Sound scientific analysis and the mission to protect the environment have always been central to the EPA’s regulatory decisions. Here’s a short list of agency accomplishments. If if had been left to the money grubbers, children would still be suffering neurological damage from lead paint, many of our lakes and rivers would be open sewers, our cities would look like Beijing on a bad day, and dangerously toxic industrial wastes would still be dumped wherever the hell people could get away with dumping it. In China, over a million early deaths per year are presently attributed to air pollution. This is what happens when industrial activities are unregulated.

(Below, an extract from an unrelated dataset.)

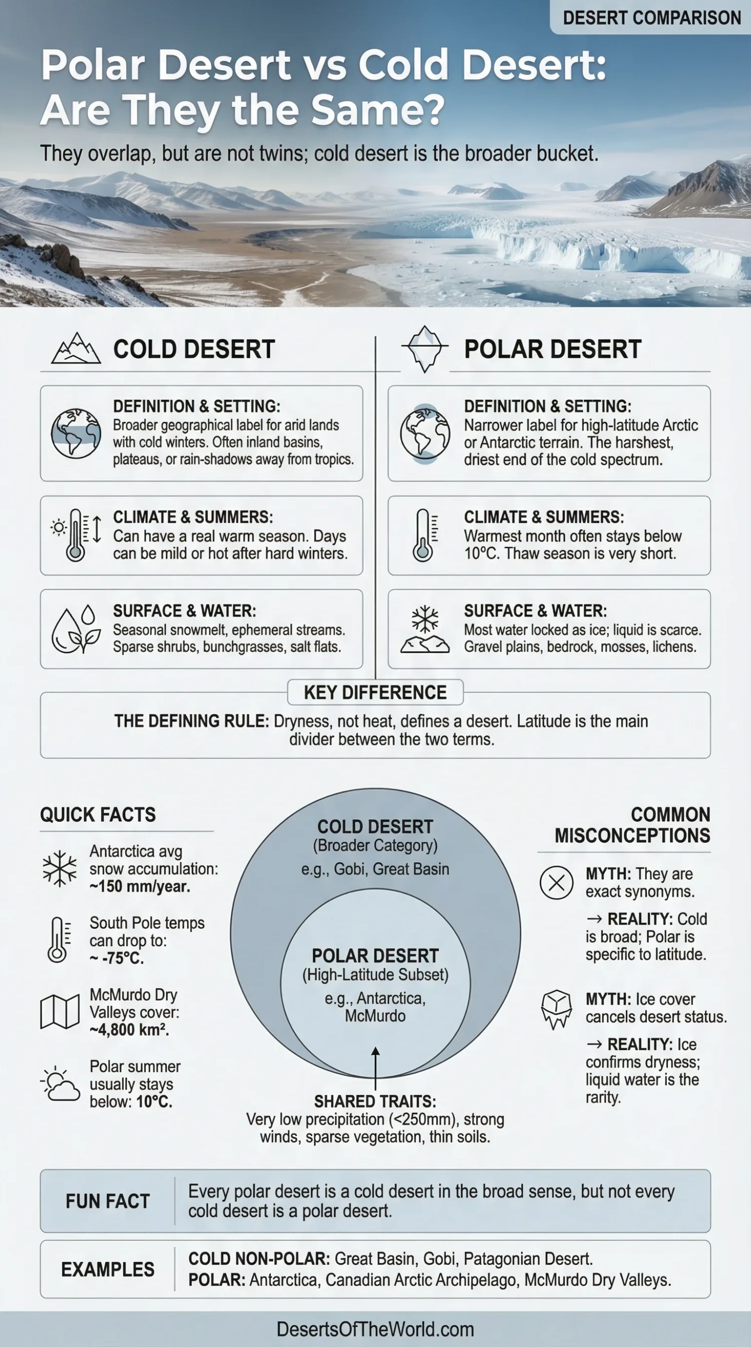 | Examples | Great Basin, Gobi, Patagonian Desert | Antarctica, parts of the Arctic, McMurdo Dry Valleys |

The problem with the EPA is that it gets in the way of profits, which defective people like Donald Trump place ahead of all other things. He has appointed like-minded toadies as the heads of as many regulatory agencies as he could get away with. They’ve been busy little reptiles, by-passing science whenever possible, or actually gutting agencies of their scientific expertise by way of administrative maneuvers. (As recently occurred in the Department of Agriculture, where they gave hundreds of agency scientists the choice between relocating to Kansas City, where the EPA doesn’t even have facilities for them to work, or being summarily fired.)

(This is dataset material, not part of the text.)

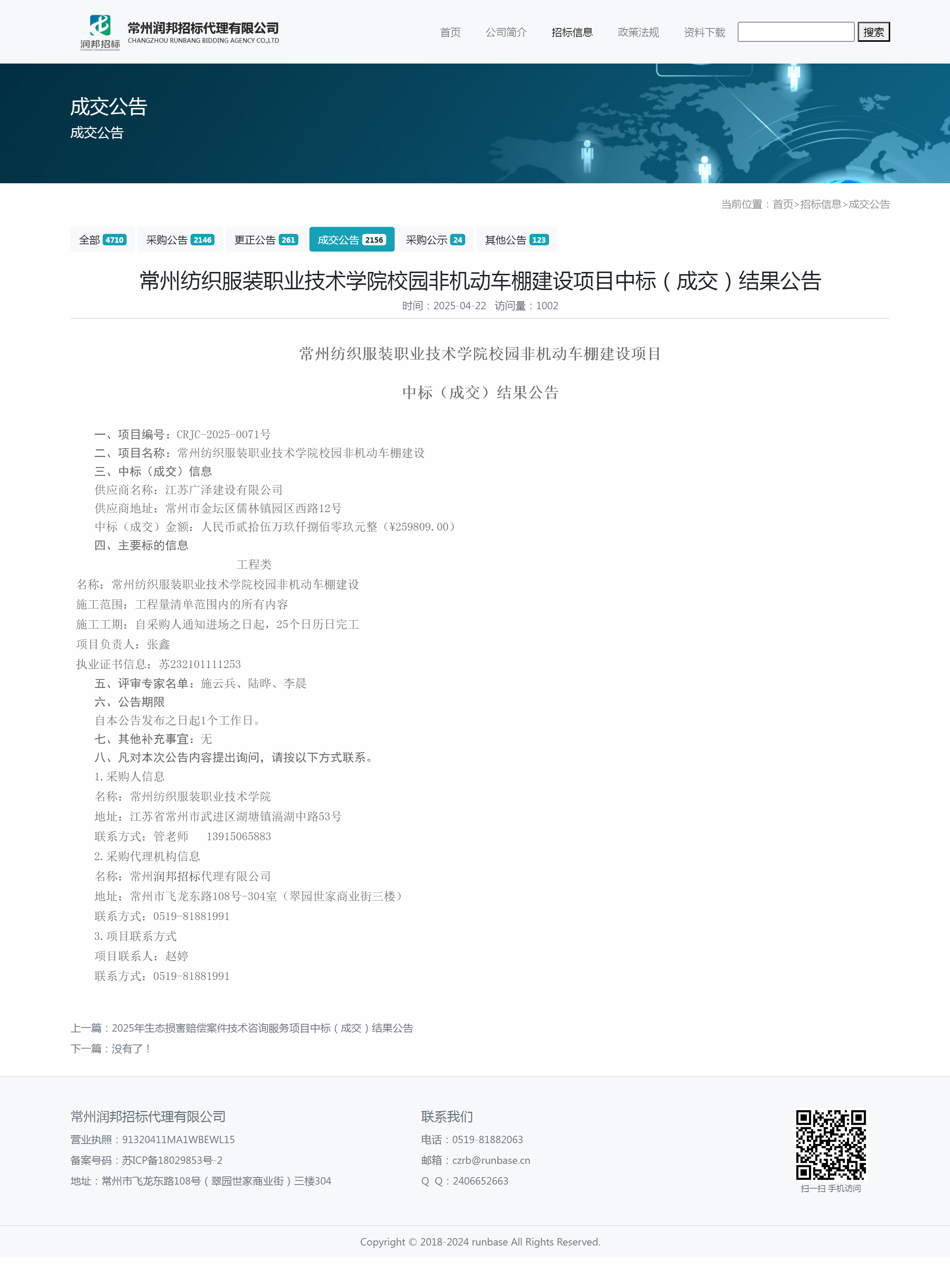 【成交公告】校园非机动车棚建设项目成交结果公告

The end run the Trump administration is doing around the EPA on behalf of the Pebble Mine project is about as corrupt as it gets. It’s nothing less than a few well-connected good ol’ boys getting together and saying “Screw the environment and screw competing industries. We’re going to destroy the place to get our dirty paws on the gold.” That’s about as swampy as anything in Trump’s swamp preservation and enlargement plan gets, and few such things are more obvious to anyone who takes the trouble to look. The photo of Trump and Mike Dunleavy grinning smugly like a couple of cats that just killed and ate the canary pretty much says it all. That is precisely what they did. Time for another thumbs up! Every other cat knows that as the secret victory sign. They’ve just stuck it to somebody else and gotten away with it.

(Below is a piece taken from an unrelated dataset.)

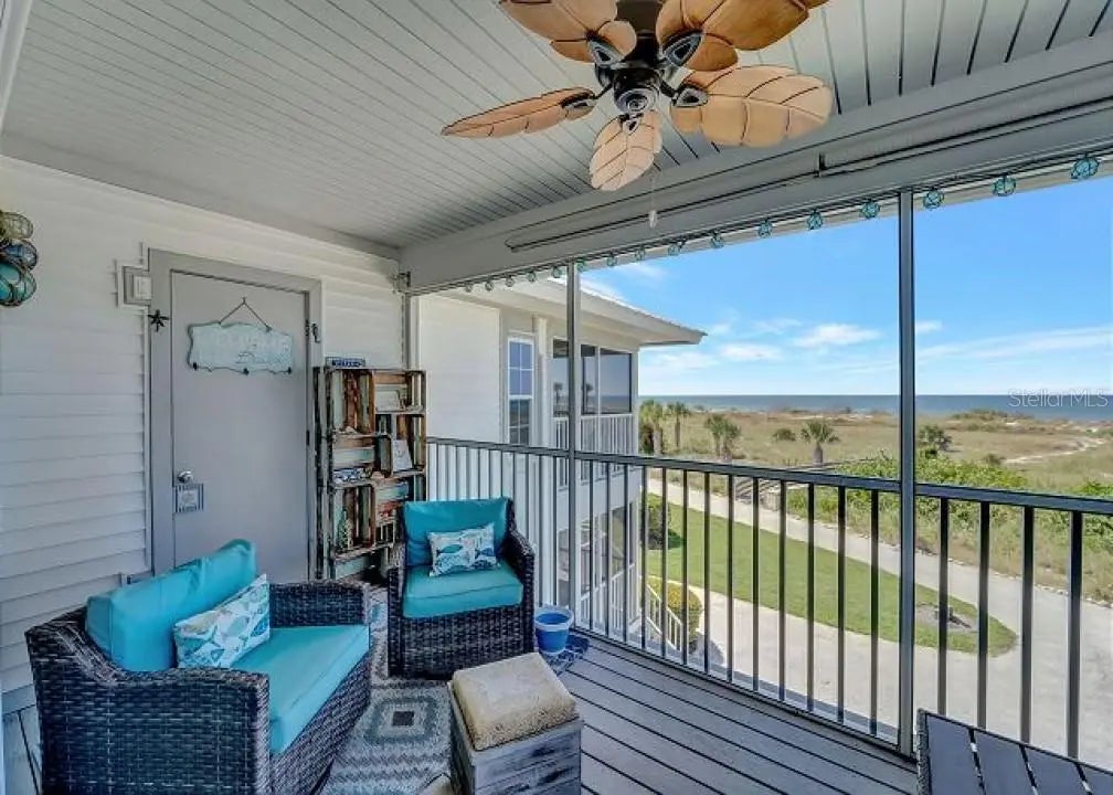 SIGNIFICANT PRICE IMPROVEMENT on this unique property! Stunning views from this Palm Island Resort Beach Villas condo. TOP FLOOR UNIT with vaulted ceilings, perfect layout and coastal touches. Completely updated unit being sold furnished. 7 miles of pristine beach and the clear waters of the Gulf are out your back door. This well maintained unit boasts PVC wood-look flooring, designed for coastal living, plantation shutters on all windows, Hunter Douglas blinds on doors, a beautifully designed kitchen with a leather finished granite and views galore. You can feel the sea breeze and hear the waves come along shore as you relax on the screened lanai which offers privacy shades, storage and UNOBSTRUCTED views that are some of the best on the island. Palm Island Resort offers endless amenities including, bell service, security, Rum Bay Restaurant, a clubhouse, dockage, tennis courts, ice cream shop, gift shop, bike, golf cart, kayak rentals and so much more. Islanders in the resort get to and from via golf cart or bicycle keeping in tune with the laid back coastal living which makes the island so unique and special. Excellent rental history with the Resort Services Program. Getaway to your island retreat and leave your worries on the mainland! Seller very motivated!

@Greg: The EPA was useful and necessary at its inception. Like most things, the Democrats figured out how to misuse it to enact policies no one wants. For the EPA to survive, it needs to get back to its original mission; protecting the environment. Promoting the liberal agenda, socialism and redistribution of wealth was NEVER in its mission statement.

Their pursuit of anthropological global warming requires the twisting and tweaking of the knobs of their climate models to make their efforts necessary. They aren’t. The climate is cyclic and has been for hundreds of thousands of years.